From Melissa Dribben at the Philadelphia Inquirer, a quiet piece that lets its quotes speak for themselves: on white resistance to one small sign that "the language of bigotry is no longer acceptable." (Via Marian Wang.)

"On the job he found out that the district, while ostensibly integrated, was still running separate school buses for black and white students." Julianne Hing looks at the history and culture that underlies — and limits — the Department of Justice's consent decree to end the school-to-prison pipeline in Meridian, Mississippi.

"But on the road to the revolution let us not forget that folks still got to live." Tressie McMillan Cottom writes an excellent piece about how "Don't Go To Graduate School" warnings come from a particular position of racial and class privilege, and don't recognize how expensive credentialing procedures are still a rational choice for people who know they won't get a chance otherwise.

"I define the feminist moment as that moment when that bias registers in your mind as unacceptable, and very importantly, something in you resists." Fascinating interview with feminist blogger and author Rita Banerji at Women's Web. (Via Genderlog India.)

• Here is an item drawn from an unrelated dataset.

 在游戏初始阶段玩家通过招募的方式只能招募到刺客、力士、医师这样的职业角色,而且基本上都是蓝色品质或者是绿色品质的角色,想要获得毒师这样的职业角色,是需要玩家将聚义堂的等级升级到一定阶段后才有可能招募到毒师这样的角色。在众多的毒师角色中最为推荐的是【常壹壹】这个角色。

"It might sound like a compliment, but it still counts as sexism." Melanie Tannenbaum at SciAm reruns an essential piece about the steep social costs of "benevolent sexism." (Via Rachel Hartman.)

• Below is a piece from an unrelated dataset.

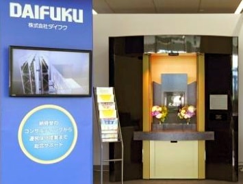 常設の総合展示場「日に新た館」では、納骨堂システムの参拝ブースで操作を体験して頂けるほか、ダイフクの自動倉庫技術を見学いただけます。

"'I stand before you as a writer without any ground of being out of which to write: really blown about from country to country, culture to culture till I feel — till I am — nothing.'" An obituary at The Guardian by Janet Watts for the writer Ruth Prawer Jhabvala. (No beef stroganoff in evidence.)

"She wanted to learn everything. 'How to open the dome! How to fill the instrument with liquid nitrogen! Develop the plates! Reduce the data! Coding!'" From last month, Ann Finkbeiner at Nature displays her eponymous test in action in this profile of pioneering astronomer Andrea Ghez.

"Earlier in the day when he dripped gastric acid on a superworm, it seemed like a friendly thing to do." Mary Roach at Boing Boing, you guys. (That's all I have to say, right? MARY ROACH.)

"In his ruling, U.S. District Judge Edward Korman called Sebelius's decision 'arbitrary, capricious and unreasonable.'" Jessica Dye for Reuters on the ruling that makes emergency contraception pills available without prescription without restrictions on age. (Via Debra Sherman.)

"Unwanted pregnancy feels like womanhood at its most hateful and cowlike — the broodmare inside the bombshell." Molly Crabapple with a powerful piece about abortion at VICE.

"In 2002, the rate of antenatal mothers testing positive — a figure often used by epidemiologists to extrapolate infection rates in general populations — was 8 percent. Anything over 1 percent is considered a generalised epidemic." Nida Najar at Caravan with the story of the one-man battle to reduce HIV infection rates in Nagaland. (Via Ruthie Baron.)

"'Here we are at the end of everything. I have a beard, you have a wig! HAHAHAHAHAHA!'" Joyful essay by Carrie Frye at The Awl about the best of Surrealist friends, Leonora Carrington and Remedios Varo. (Via Nicole Cliffe.)

Finally, Leslie Jamison wins the internets this week with an essay in the Oxford American, "Fog Count," which I could describe as a profile of ultramarathoner Charlie Engle, currently in prison for mortgage fraud, or as a meditation on the way we live now: "because a powerful rhetoric insists that we can only be delivered from our old scars by tolerating new ones." (Via Nicole Cliffe, who was clearly batting 1.000 this week.)